I think the term Chaitin used for math's failure is somewhat more evocative than "global-local disconnect". He uses the term "irreducible mathematical fact", a fact of mathematics that is "true for no reason", at least no logical reason. Notice that he still refers to them as mathematical facts, because they are true statements about mathematical entities. As with other mathematical facts, it still seems as if their truth would be unchanged in any possible world. Yet, they are "irreducible": logically disconnected from the body of provable facts of mathematics.

So, math sometimes cannot tell us what we want to know, even when we are asking seemingly reasonable questions about mathematically defined entities. Does this mean anything about artificial intelligence?

Another term related to global-local disconnect, this one mentioned in the paper by Loosemore, is "computational irreducibility". This term was introduced by Stephan Wolfram. The idea is that physics is able to predict the orbits of the planets and the stress on a beam in an architectural design because these physical systems are computationally reducible; we can come up with fairly simple equations that abbreviate (with high accuracy) a huge number of physical interactions. If they were not reducible, we would be forced to simulate each atom to get from the initial state to the final result. This is the situation that occurs in complex systems. Unlike the "mathematically irreducible" facts just discussed, there IS a way to get the answer: run the system. But there are no shortcuts. This form of global-local disconnect is considerably easier to deal with, but it's still bad enough.

It's this second kind of irreducibility, computational irreducibility, that I see as more relevant to AI. Take the example of a planning AI. To find the best plan, it must search through a great number of possibilities. Smarter AIs will try to reduce the computation by ruling out some possibilities, but significant gains can be made only if we're willing to take a chance and rule out possibilities we're not sure are bad. The computation, in other words, is irreducible-- we'll have a sort of global-local disconnect simply because if we could predict the result from the basic rules, we wouldn't need the AI to find it for us.

So it seems Loosemore was right: intelligence does seem to involve complexity, and unavoidably so. But this sort of irreducibility clearly doesn't support the conclusion that Loosemore draws! The global-local disconnect seems caused by taking a logical approach to AI, rather than somehow negating it.

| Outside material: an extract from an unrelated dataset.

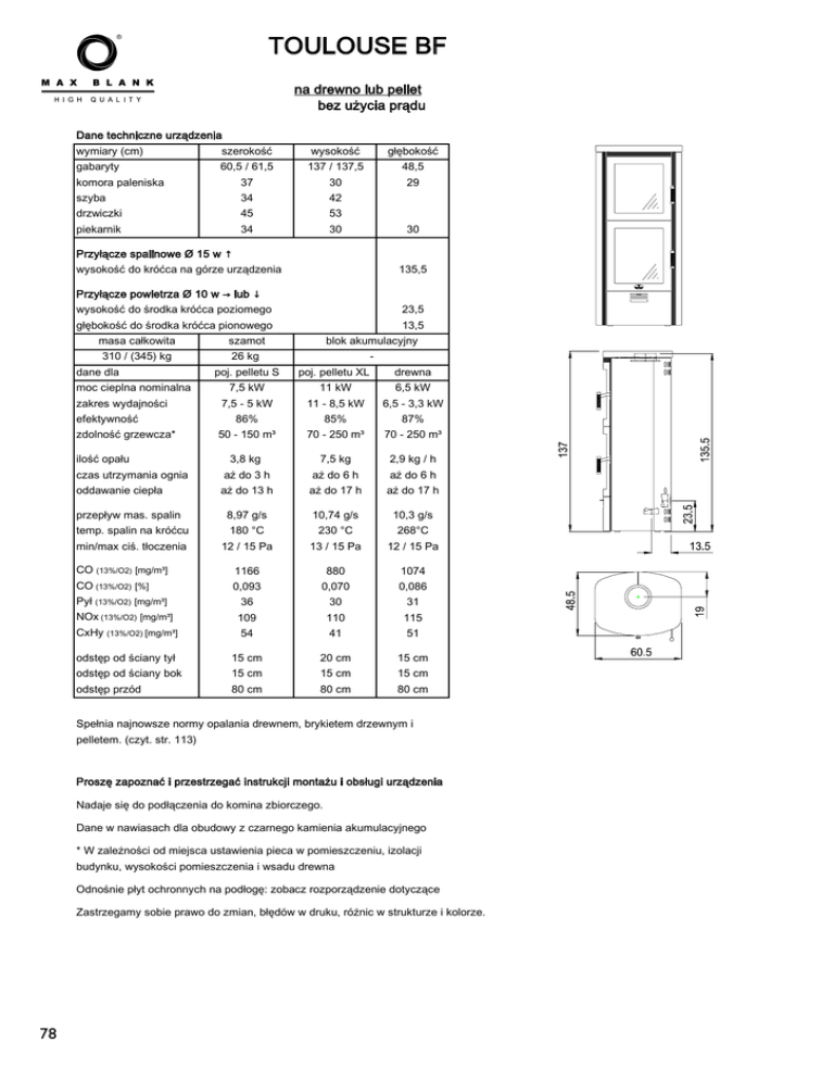 TOULOUSE BF na drewno lub pellet bez użycia prądu Dane techniczne urządzenia wymiary (cm) szerokość wysokość głębokość gabaryty 60,5 / 61,5 137 / 137,5 48,5 komora paleniska 37 30 29 szyba 34 42 drzwiczki 45 53 piekarnik 34 30 30 Przyłącze spalinowe Ø 15 w ↑ wysokość do króćca na górze urządzenia 135,5 Przyłącze powietrza Ø 10 w → lub ↓ wysokość do środka króćca poziomego 23,5 głębokość do środka króćca pionowego masa całkowita 310 / (345) kg dane dla moc cieplna nominalna zakres wydajności efektywność zdolność grzewcza* ilość opału 13,5 szamot blok akumulacyjny 26 kg - poj. pelletu S poj. pelletu XL 7,5 kW 11 kW drewna 6,5 kW 7,5 - 5 kW 11 - 8,5 kW 6,5 - 3,3 kW 86% 85% 87% 50 - 150 m³ 70 - 250 m³ 70 - 250 m³ 2,9 kg / h 3,8 kg 7,5 kg czas utrzymania ognia aż do 3 h aż do 6 h aż do 6 h oddawanie ciepła aż do 13 h aż do 17 h aż do 17 h przepływ mas. spalin 8,97 g/s 10,74 g/s 10,3 g/s temp. spalin na króćcu 180 °C 230 °C 268°C min/max ciś. tłoczenia 12 / 15 Pa 13 / 15 Pa 12 / 15 Pa CO (13%/O2) [mg/m³] 1166 880 1074 CO (13%/O2) [%] 0,086 0,093 0,070 Pył (13%/O2) [mg/m³] 36 30 31 NOx (13%/O2) [mg/m³] 109 110 115 CxHy (13%/O2) [mg/m³] 54 41 51 odstęp od ściany tył 15 cm 20 cm 15 cm odstęp od ściany bok 15 cm 15 cm 15 cm odstęp przód 80 cm 80 cm 80 cm Spełnia najnowsze normy opalania drewnem, brykietem drzewnym i pelletem. (czyt. str. 113) Proszę zapoznać i przestrzegać instrukcji montażu i obsługi urządzenia Nadaje się do podłączenia do komina zbiorczego. Dane w nawiasach dla obudowy z czarnego kamienia akumulacyjnego * W zależności od miejsca ustawienia pieca w pomieszczeniu, izolacji budynku, wysokości pomieszczenia i wsadu drewna Odnośnie płyt ochronnych na podłogę: zobacz rozporządzenie dotyczące Zastrzegamy sobie prawo do zmian, błędów w druku, różnic w strukturze i kolorze. 78 Warianty pieca akumulacyjnego piekarnikiem Toulouse BF ENR 177-2002 Model Toulouse BF ↑ dostawa 3 ∙ front antracyt ∙ boki i pokrywa 177-2017 z rzeźbionego szarego kamienia naturalnego Toulouse BF ↑ 3 ∙ front antracyt ∙ boki i pokrywa 177-2006 z jasnoszarego błyszczącego kamienia naturalnego Toulouse BF ↑ 3 ∙ front antracyt ∙ boki i pokrywa 177-2013 z kremowego błyszczącego kamienia naturalnego Toulouse BF ↑ 4 ∙ front antracyt ∙ boki i pokrywa 177-2020 z piaskowca Toulouse BF ↑ 4 ∙ front antracyt ∙ boki i pokrywa z czarnego gładkiego kamienia naturalnego o wysokiej wydajności akumulowania ciepła Akcesoria 552-2014 pojemnik na pellet S - 7,5 kW 552-2004 pojemnik na pellet XL - 11 kW patrz opis po lewej stronie ∙ z odpornej na temperaturę stali szlachetnej ∙ przy pojemniku S z 2 a przy pojemniku XL z 3 specjalnymi czarnymi szybami Ceran ∙ z zapalniczką, rękawicami silikonowymi torbą filcową na pellet o pojemności do 20 kg, pędzlem do czyszczenia, szufelką do pelletu 29 119 311 płyta ze stali szlachetnej (patrz str. 104) 29 119 400 płyta ze szkła (patrz str. 104) Dodatkowo, bez dopłaty w zakresie dostawy: 308 046 blacha do pieczenia i duszenia 308 047 chromowany ruszt 308 074 łatwy w pielęgnacji kamień piekarnika- antracyt 308 057 termometr piekarnika Możliwe doprowadzenie powietrza z zewnątrz: Proszę podać koniecznie przy zamówieniu: przyłącze powietrza poziomo czy pionowo (w zestawie) (w zestawie) Pozostałe akcesoria przyłączeniowe patrz od str. 98 Cechy szczególne modelu Toulouse BF Akcesoria do pelletu/drewna, ogrzewanie 2 rodzajami ognia, niezależne i bez użycia elektryczności. Szybkie i łatwe przestawienie między pelletem a drewnem w zaledwie pięć minut. Odkryj specjalne cechy naszego tego wielofunkcyjnego i romantycznego kominka na YouTube. Rodzaj opału do wyboru, drewno kominkowe lub pellet, sprawia, że jesteście Państwo jeszcze bardziej niezależni i oferuje Państwu możliwość nabycia tego paliwa, które jest w danej chwili tańsze. Piec akumulacyjny - piekarnik, model Toulouse BF ∙ model piekarnika z dużą wydajnością akumulowania ciepła ∙ 5-krotna korzyść: do ogrzania się +do magazynowania ciepła +do odprężenia +do przechowywania drewna +do p ∙ duży piekarnik z kamienną podstawą umożliwia pieczenie i duszenie nad ogniem i pozwala na bezpłatne wykorzystanie energii do: duszenia: pieczeni wieprzowych, kaczek, rolad itp. pieczenia: chleba, warzywnego lasagne, pizzy, ciasta itp. ∙ ściany piekarnika ze stali szlachetnej z 2 półkami ∙ łatwy w pielęgnacji kamień piekarnika- antracyt ∙ szuflada na drewno kominkowe (w przypadku wykorzystania pionowego przyłącza powietrza pojemność jest ograniczona) Proszę zapoznać się z właściwościami kamienia naturalnego na str. 110! www.maxblank.com

But there is a way to salvage Loosemore's position, at least to an extent. I mentioned briefly the idea of shortcutting an irreducible computation by compromising, allowing the system to produce less-than-perfect results. In the planning example, this meant the search didn't check some plans that may have been good. But for more complicated problems, the situation can be worse; as we tackle harder problems, the methods must become increasingly approximate.

When Loosemore says AI, he means AGI: artificial general intelligence, the branch of AI devoted to making intelligent machines that can deal with every aspect of the human world, rather than merely working on specialized problems like planning. In other words, he's talking about a really complicated problem, one where approximation will be involved in every step.

Whereas methods of calculating the answer to a problem often seem to follow logically from the problem description, approximations usually do not. Approximation is hard. It's in this arena that I'm willing to grant that, maybe, the "logical approach" fails, or at least becomes subservient to the experimental approach Loosemore argues for.

So, I think there is a sort of split: the "logical" approach applies to the broad problem descriptions (issues like defining the prior for a universal agent), and to narrow AI applications, but the "messy" approach must be used in practice on difficult problems, especially AGI.